Когда-то в детстве я любила петь. Но мое пение услышал папа. У папы был абсолютный слух. Он даже играл в оркестре на балалайке. Хотя и был учителем русского языка. Папа услышал, как я пою, и сказал: «Закрой рот и не мучай мои перепонки!» Я, послушная девочка, закрыла рот. И больше никогда не пела. Ни при папе, ни без папы. Пер хотел изменить ситуацию, потому что учителя должны петь. Но я все время думала о том, что и у Пера абсолютный слух. И он мне так нравится, а я вдруг начну терзать его барабанные перепонки. Так что запеть у меня не получилось.
Но здесь, при проверке на доверие к жизни, Пер оказался неправ. На мой взгляд, он сплоховал с выбором теста. Не продумал сопутствующих факторов. Кого он поставил меня ловить? Людиного мужа? Если Люда вышла за этого типа замуж, то, наверное, просто обязана падать с любой высоты в его направлении и рассчитывать, что он ее поймает. Он же не хочет жить с женой-инвалидом? Но при чем тут я? Мне Людин муж ничем не обязан. К тому же мы с Людой как-то неправильно конкурируем в этой поездке. Мало ли что в связи с этим придет в голову ее мужу?

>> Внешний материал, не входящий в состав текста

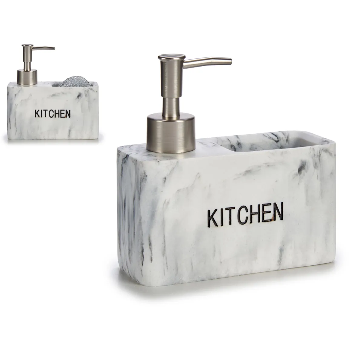 Dosificador Mármol Con Porta Estropajo | La funcionalidad en la cocina es esencial y comienza con las soluciones de almacenamiento para la cocina. Desde el carrito multiusos, al botellero o los cubos de basura y reciclaje, encuéntralo todo en homa.es | Color: Blanco, Gris | Medidas: 13.5x6x14.5cm | Material: Mármol

А другой? Мне пришлось довольно резко дать ему понять, что командировочные романы — в частности, с ним — не входят в программу моего пребывания в Швеции. И теперь он будет меня ловить? А я буду испытывать доверие к жизни? Даже у таких гениальных музыкантов, у таких придумщиков школ, как Пер, бывают проколы. Например, по части оценки эротической составляющей жизни. Или мотивов, толкающих нас на демонстрацию своих возможностей.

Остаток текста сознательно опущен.